**EXERCISE INSTRUCTIONS**
Set the material down again exactly, line by line, skipping each picture.

**INFORMATION SUPPLIED**

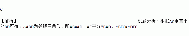 A. AB=AD B. AC平分∠BCD C. AB=BD D. △BEC≌△DEC
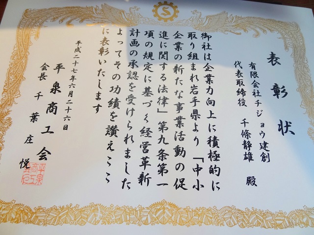 この度、岩手県商工会連合会から交付された経営革新計画認定記念章と平泉商工会長より表彰状をいただきました。
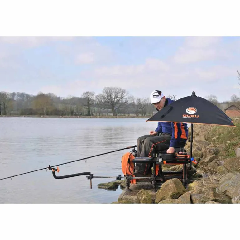 Le BAIT UMBRELLA est livré avec 2 pieds : un pied télescopique avec pique pour assurer un bon ancrage dans le sol + un pied droit pour fixation sur votre station de pêche / chaise feeder. Il est livré dans une housse de grande qualité aux couleur de GURU.

**SOLUTION TO THIS PROBLEM**
 A. AB=AD B. AC平分∠BCD C. AB=BD D. △BEC≌△DEC
 この度、岩手県商工会連合会から交付された経営革新計画認定記念章と平泉商工会長より表彰状をいただきました。
 Le BAIT UMBRELLA est livré avec 2 pieds : un pied télescopique avec pique pour assurer un bon ancrage dans le sol + un pied droit pour fixation sur votre station de pêche / chaise feeder. Il est livré dans une housse de grande qualité aux couleur de GURU.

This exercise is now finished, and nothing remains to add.